La segunda conclusión gira entorno a la composición de la marcha: tras cuatro largos años de un continuo desaprender, la oposición sigue sin poder hablarle a los sectores más pobres del país, refugio y cimiento del obradorismo. Basta ver las imágenes de la marcha para darse cuenta que el pretendido pluralismo de la manifestación no es sino una radiografía de la clase media de la capital. Son muchos, muchísimos, pero minoría, al fin y al cabo. Si la oposición no logra trascender esa limitación, las marchas de ayer no lograrán traducirse en votos para el 2024. La pretendida “defensa del INE” no solo resulta insuficiente como plataforma política; también lo es como articulador de hegemonía. No alcanza, no le da.

Tercero, es obvio, tras la mañanera del lunes, que las marchas tienen muy contento al Presidente. López Obrador está acostumbrado a hacer política desde el disenso. (Chantal Mouffe, en un extraordinario ensayo, habla de la “dimensión antagonista de la política” y de la “configuración adversarial de la política”.) Es ahí donde el Presidente se siente más cómodo; es su querencia, su estado natural, el tipo de boxeo que le permite potenciar sus capacidades.

El Presidente intuía que su propuesta de reforma política electoral —sobre todo el aspecto que involucra la elección popular de consejeros— generaría una reacción similar a la del domingo. Era de libro. Sin pretenderlo, sus adversarios le hicieron un bonito regalo de cumpleaños. Picaron el anzuelo. Como buen boxeador, el Presidente sabrá sacar provecho de la situación. El segundo round de esta lucha infinita lo veremos el primero de diciembre en el Zócalo. No tengo duda que ganará.

Una última reflexión: es una pena que hayamos llegado a este punto, acaso sin retorno. México necesita una reforma política electoral que, sin afectar la autonomía y vocación profesional del Instituto Nacional Electoral, reduzca la cantidad de diputados y senadores (menos por cuestiones presupuestales y más por consideraciones de eficiencia), extienda la posibilidad de realizar consultas populares vinculantes, simplifique el método de elección a listas por circunscripciones, disminuya el número de consejos electorales, y limite el financiamiento público a partidos políticos. Todos esos elementos están en la iniciativa presidencial.
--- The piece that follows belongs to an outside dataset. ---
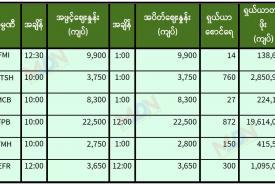 ဒီဇင်ဘာ ၂၄ ရက် ရန်ကုန်စတော့ အိတ်ချိန်းရှယ်ယာ အပိတ်ဈေးနှုန်းများ
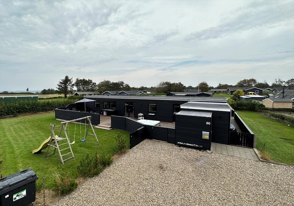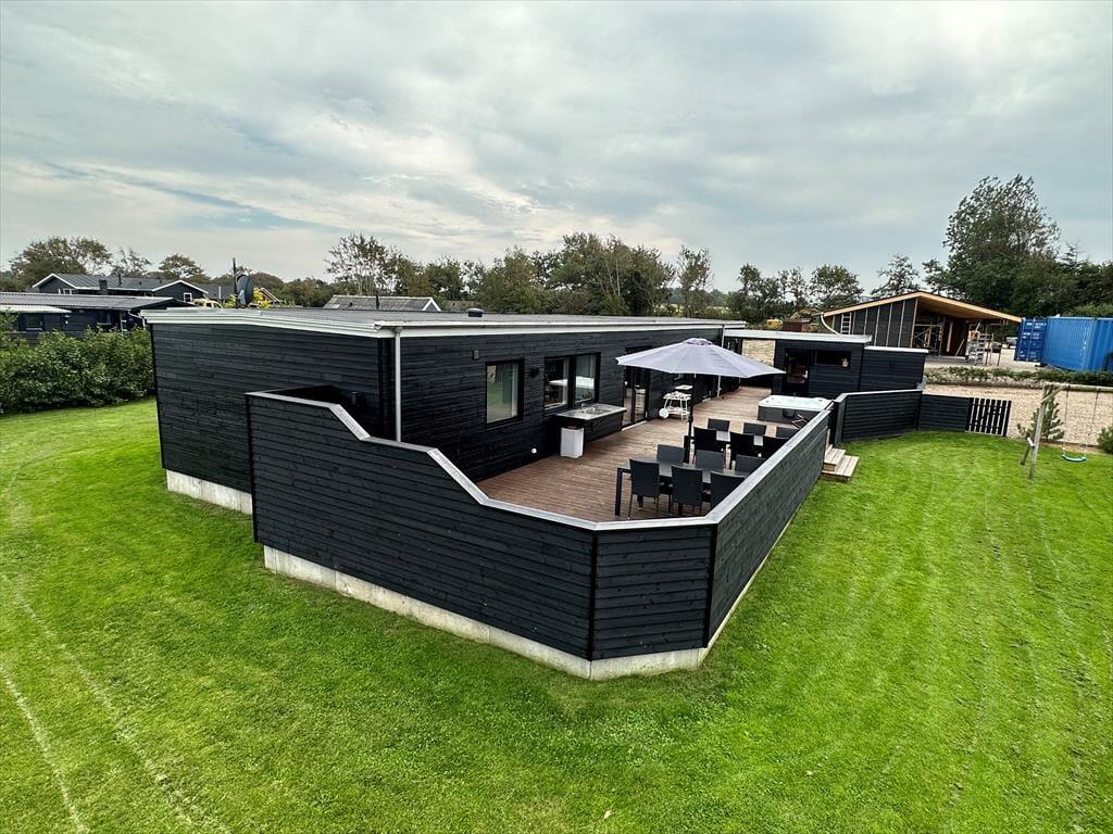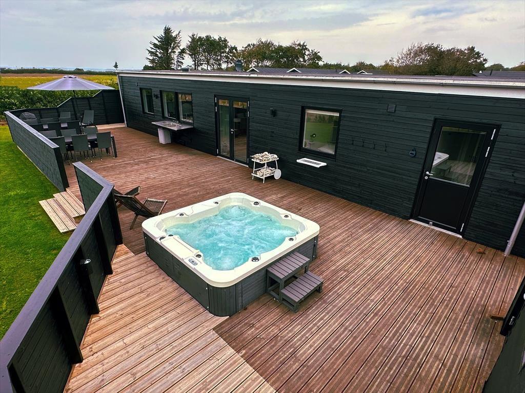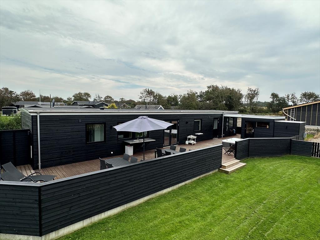 På husets store terrasse folder ferielivet sig ud med alt, hvad hjertet kan begære – og mere til. Her er god plads til at slappe af i solen med en bog, spille kort med børnene eller nyde lange, lune sommeraftener i godt selskab. Det lækre udendørs spabad er et af husets helt store højdepunkter. Forestil dig at sidde her under stjernerne med et glas bobler i hånden, mens vandet bruser blidt omkring dig – ren magi! Haven er rummelig og grøn, og her er rigelig plads til leg, boldspil og løbende hundepoter, for hele tre hunde er hjerteligt velkomne her. Med både åbne og mere afskærmede kroge på terrassen kan du altid finde et sted med læ – og når grillen tændes, spreder duften af sommer sig over hele haven.

Sin embargo, la propuesta de someter a votación popular la elección de consejeros del INE y ministros del Tribunal Electoral genera ruido innecesario. Esto último impide distinguir los méritos de la propuesta de reconfiguración política de los pretendidos ajustes al árbitro electoral. El despropósito de lo segundo oscurece las virtudes de lo primero. Es una lástima.

La reforma, por lo demás, se queda corta en la necesidad de transparentar y fiscalizar los recursos públicos de los partidos y generar mecanismos de transparencia y participación al interior de estos —un tema tan urgente como ausente en la discusión. Potenciar la vida interna en los partidos políticos debería ser parte del proyecto de transformación. No lo es.

Las marchas del domingo y el contexto de conflicto que se vivirá rumbo al 2024 impedirán, me temo, una discusión precisa y técnica de la reforma electoral. Será otra oportunidad perdida. Las manifestaciones habrán servido para articular al bloque opositor en torno a una demanda, pero al mismo tiempo azuzarán la base social del Presidente. El final del sexenio se parecerá mucho a un volcán en continua ebullición. Habrá ruido, mucho ruido.

Carlos A. Pérez Ricart
Carlos A. Pérez Ricart es Profesor Investigador del CIDE. Es uno de los integrantes de la Comisión para el Acceso a la Verdad y el Esclarecimiento Histórico (COVeH), 1965-1990. Tiene un doctorado en Ciencias Políticas por la Universidad Libre de Berlín y una licenciatura en Relaciones Internacionales por El Colegio de México. Entre 2017 y 2020 fue docente e investigador posdoctoral en la Universidad de Oxford, Reino Unido.